- Born: March 12, 1936 Nanking, China
- Died: August 29, 2020 (aged 84) Cambridge, Massachusetts, U.S.
- Education: Massachusetts Institute of Technology (BS, MS) University of Pennsylvania (PhD)
- Scientific career
- Fields: Chemical and biological engineering
- Workplaces: Massachusetts Institute of Technology
- Doctoral advisor: Arthur E. Humphrey
- Notable students: Noubar Afeyan

= Daniel I.C. Wang =

American academic (1936–2020)

Daniel I-Chyau Wang (王義翹 (Wáng Yìqiào)；March 12, 1936 - August 29, 2020) was a Chinese-American chemical engineer. He was an Institute Professor at the Massachusetts Institute of Technology. He was known for founding the MIT Biotechnology Process Engineering Center and the expansion of the field of biochemical engineering.

==Career==
Wang received his B.S. (1959) and M.S. (1961) from the Massachusetts Institute of Technology (MIT), and Ph.D. from in chemical engineering from the University of Pennsylvania in 1963 working with Arthur E. Humphrey on high‐temperature short‐time sterilization.

Wang joined the MIT faculty in 1965 as a member of the department of Nutrition and Food Science. In 1995, he was named an Institute Professor. While at MIT, he established joint programs with the National University of Singapore which would ultimately become a part of the Singapore-MIT Alliance for Research and Technology (SMART) Centre. His research on fermentation, monitoring and control of bioprocesses, renewable resource utilization, enzyme technology, product recovery and purification, protein aggregation and refolding, and mammalian cell cultures made him a pioneer in biochemical and biological engineering.

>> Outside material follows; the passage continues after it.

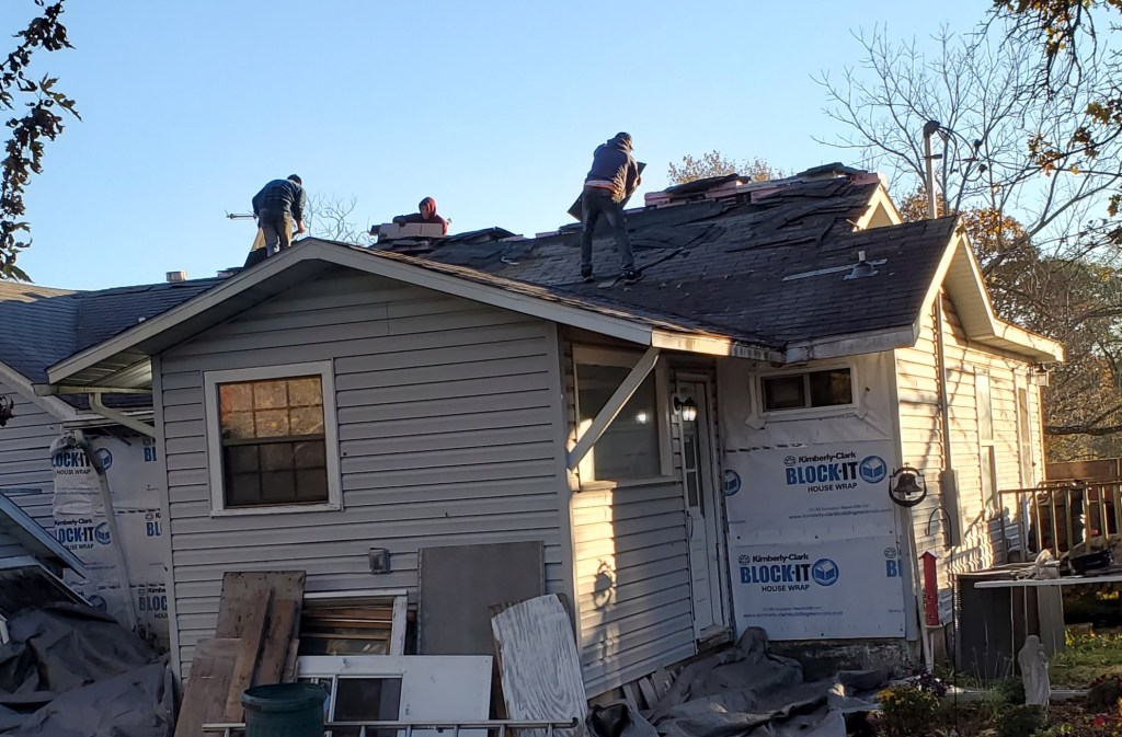 November 30, 2021 – The tuckpointing around the chimney did stop some of the water coming into the house, but not all of it. We had several more leaks which threatened to damage our newly-hung drywall. Our roofer, who we had on speed-dial, strongly recommended we install a new roof, rather than continue to patch it inch-by-inch. And so we did. It took the team just one day and the transformation was amazing. We’ve never really noticed roofs before, but ours looks so good! It does, however, make it more obvious that we will have to replace the siding, but that’s an expense for another time (probably next year).

Wang was a member of the National Academy of Engineering, the American Academy of Arts and Sciences, and Academia Sinica. He co-authored five books and more than 250 papers in professional journals. He was a co-founder of the Society for Biological Engineering of the American Institute of Chemical Engineers. In 2019, the American Institute of Chemical Engineers established the D.I.C. Wang Award for Excellence in Biochemical Engineering in his honor.